Extracted data entries
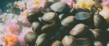 Closeup of a collection of seashells in sepia tone, perfect for natural textured backgrounds
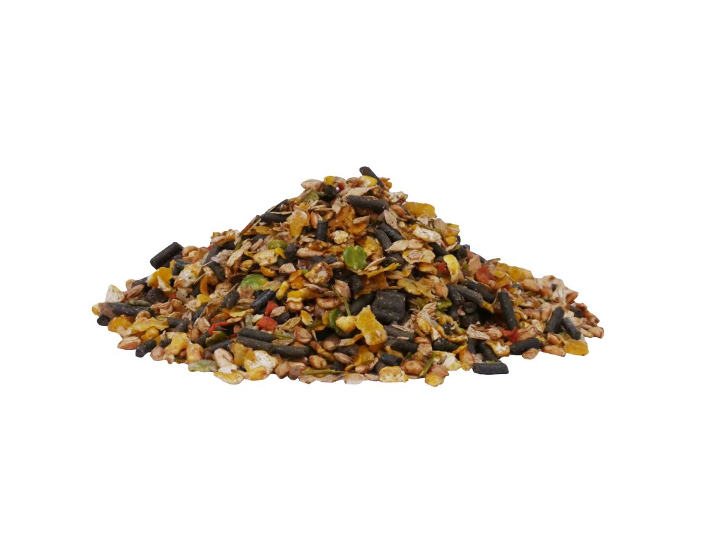 vločky ječmene, vločky kukuřice, slunečnice, pšeničné middlings, pufovaný ječmen, pufovaná kukuřice, slunečnicové slupky, vojtěška, slunečnicový olej, vločky hrachu, lněné expelery, sója, třtinová melasa, uhličitan vápenatý, chlorid sodný, krmná pšenice, vločky mrkve, dihydrogenfosforečnan vápenatý, lněné semeno, pivovarské kvasnice, oxid hořečnatý, ječmen, bramborový škrob. Analytické složky v 1kg: hrubý protein 13,2 %; hrubé oleje a tuky 7,0 %; hrubá vláknina 9,7 %; hrubý popel 8,1 %; sodík 0,6 %; škrob 32 %; cukry 4,4 %. Nutriční doplňkové látky v 1kg: Vitaminy: vit.A 27 600 m.j.; vit. D3 1 680 m.j.; vit E 300 mg. Mikroprvky: železo 91 mg; jód 1,8 mg; měď 24 mg; mangan 71 mg; zinek 150 mg; selen 0,4 mg. Energie: 14,5 MJ/kg
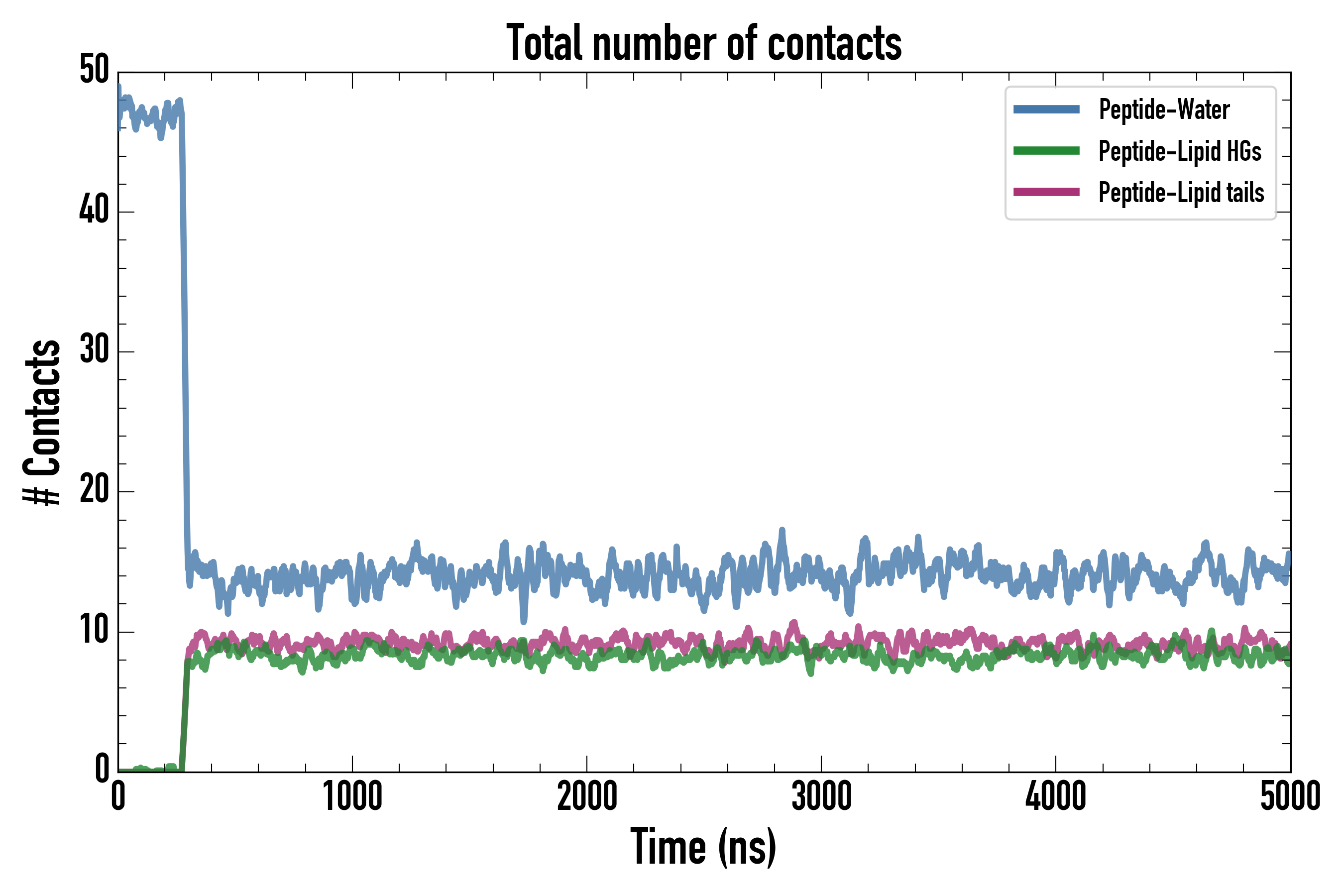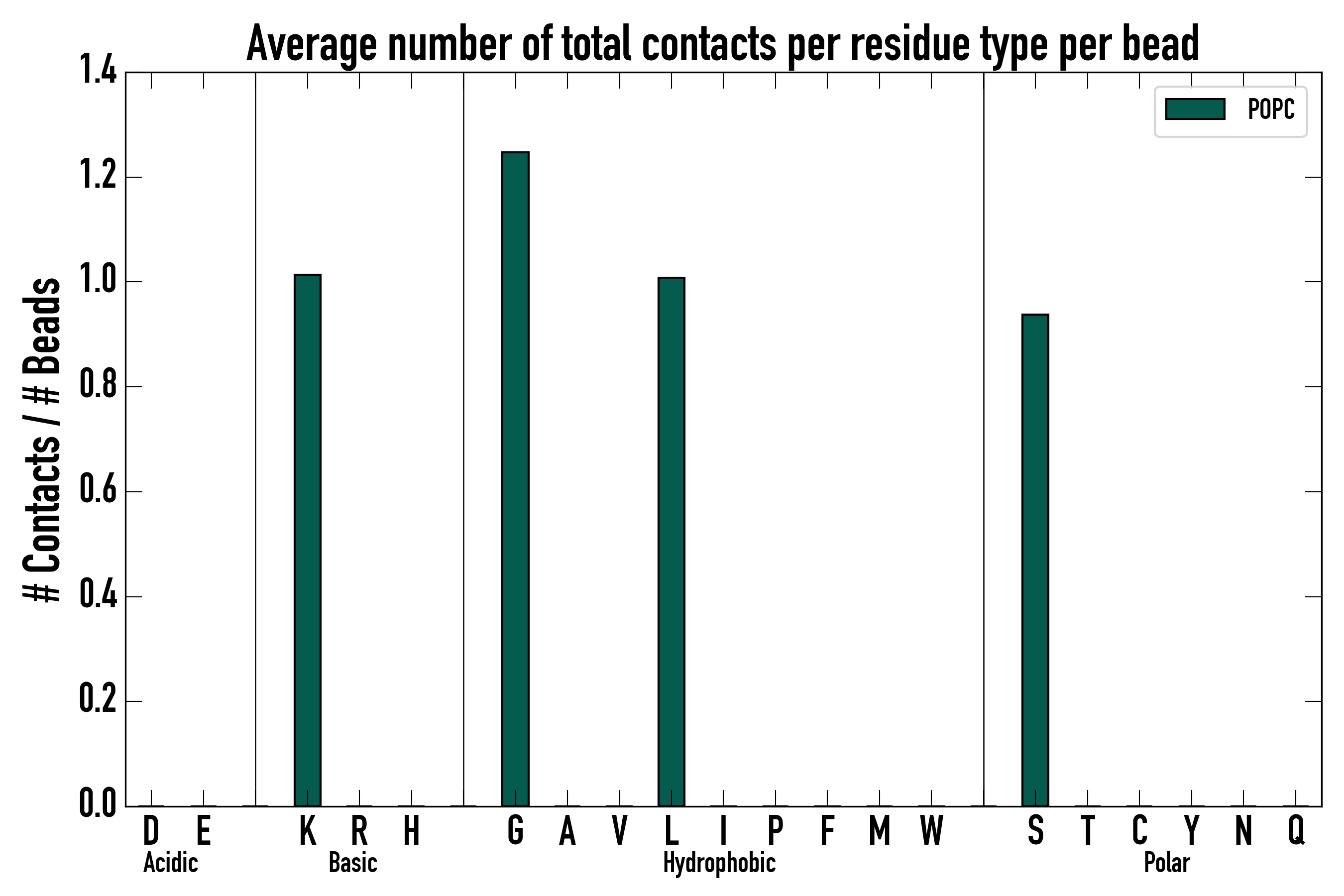 Number of contacts between each residue of the peptide backbone and the different lipid types, averaged over the last microsecond and using a cut-off of 0.6 nm.
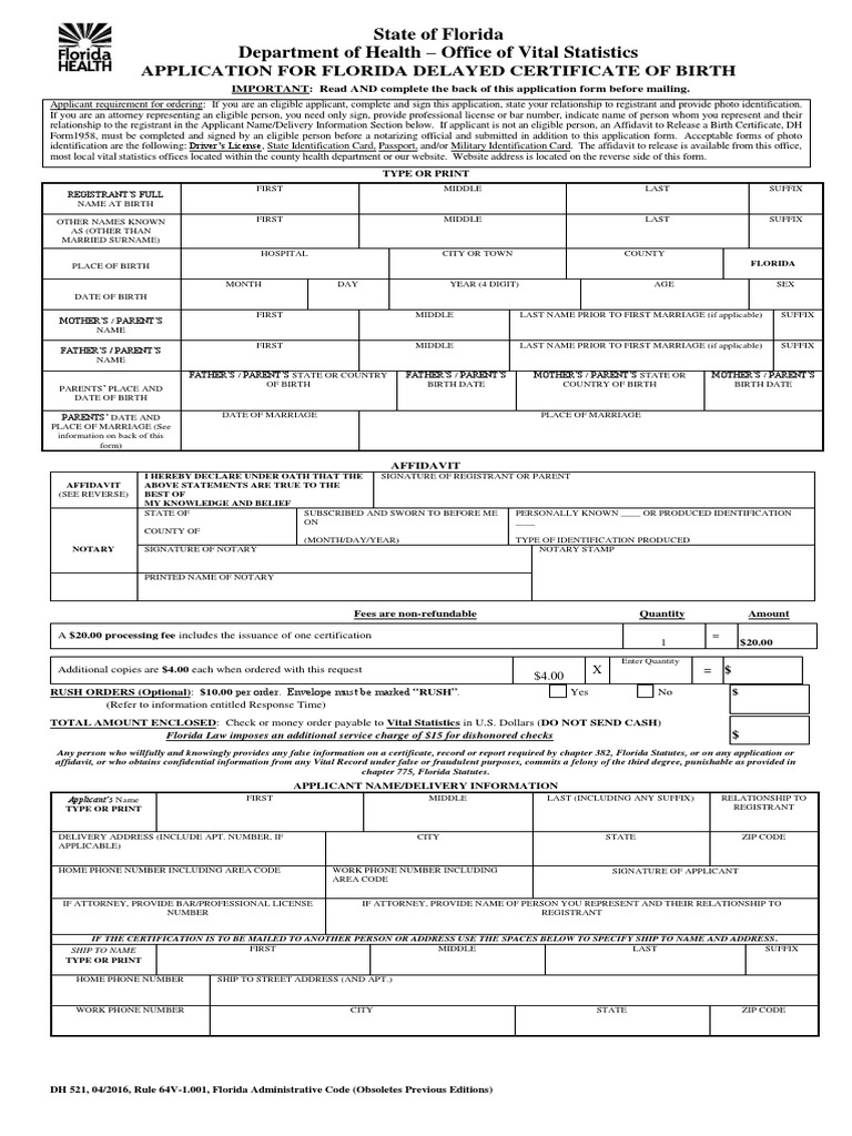 Application For Florida Delayed Certificate of Birth State of Florida
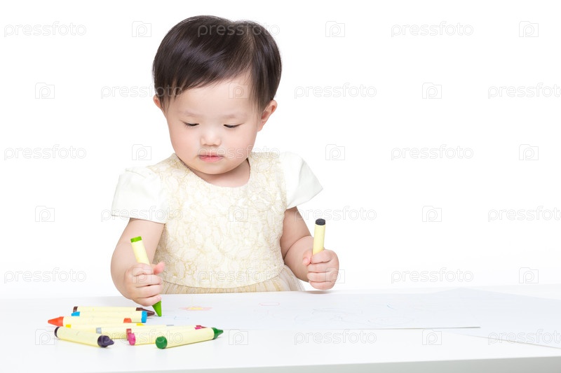 Азиатская девочка сосредоточена на рисовании
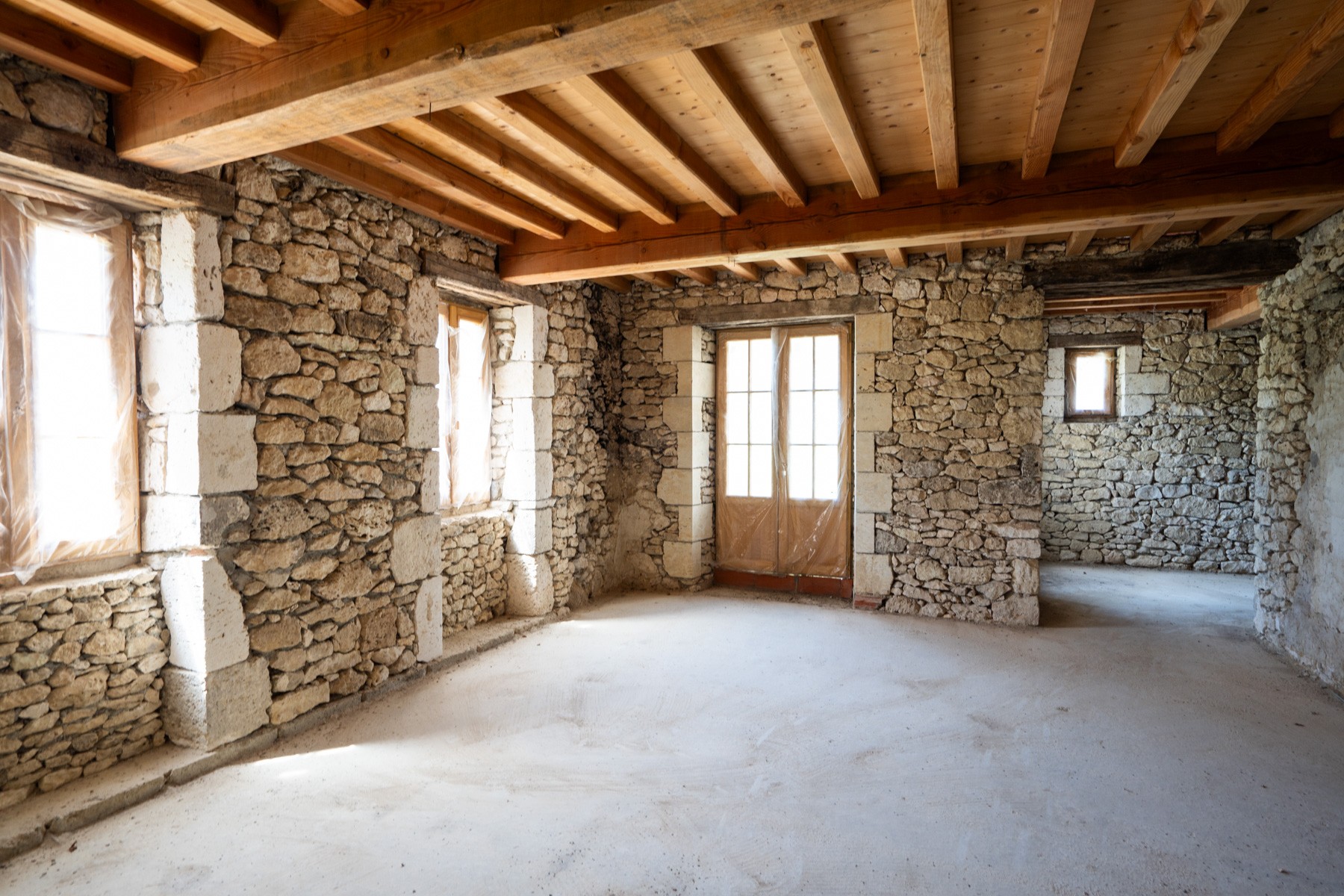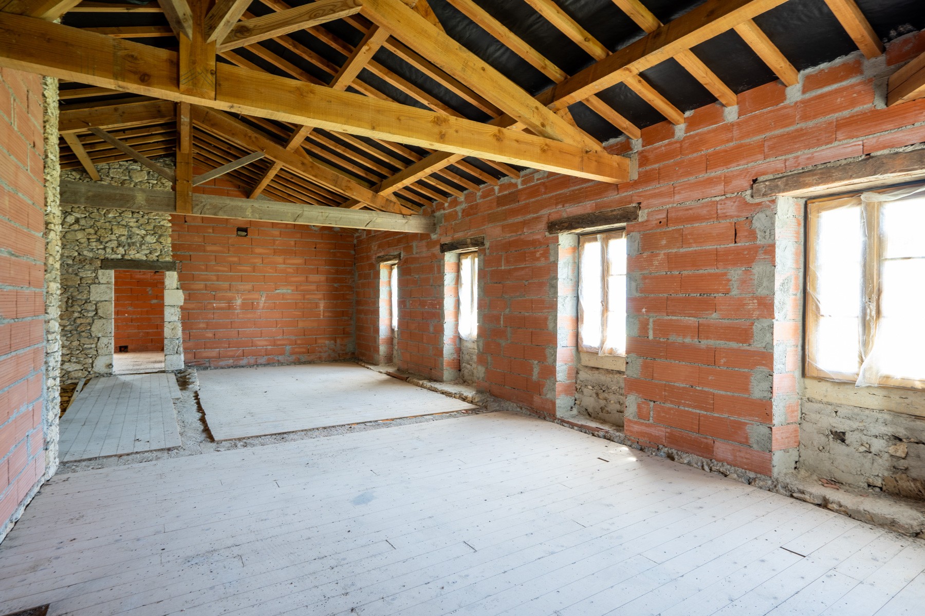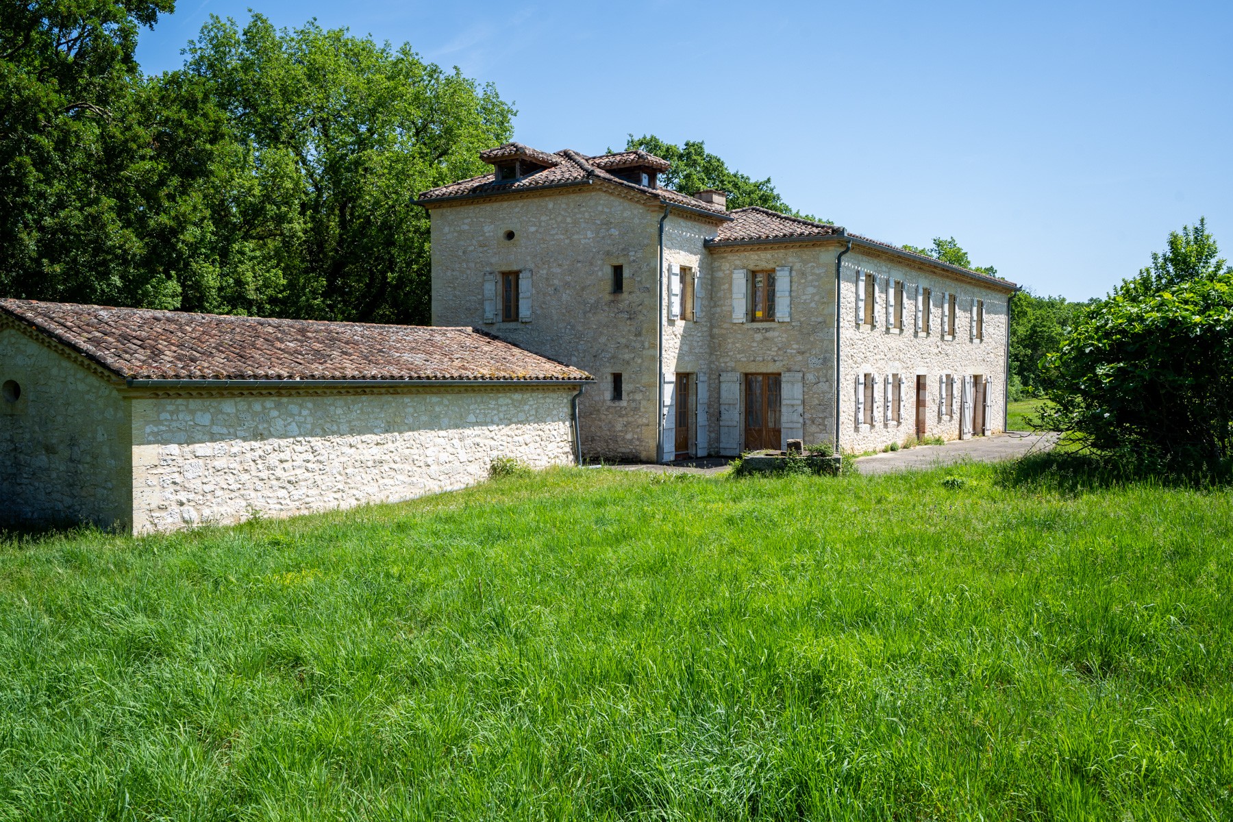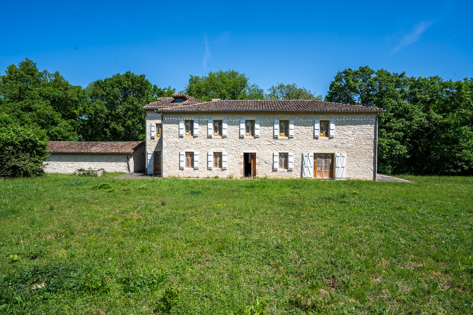 The property is set in the middle of a large wood, with approx.1.6 ha of land, free of any nuisance and neighbors! A 3 bay semi-open barn is entirely renovated to shelter your cars.

EXERCISE INSTRUCTIONS =>
Word for word, restate the lines from the line containing "Азиатская девочка сосредоточена на рисовании" through the end of the data, including the first and last of them. Pictures stay out.

OUTPUT FOR THIS TASK =>
 Азиатская девочка сосредоточена на рисовании
 The property is set in the middle of a large wood, with approx.1.6 ha of land, free of any nuisance and neighbors! A 3 bay semi-open barn is entirely renovated to shelter your cars.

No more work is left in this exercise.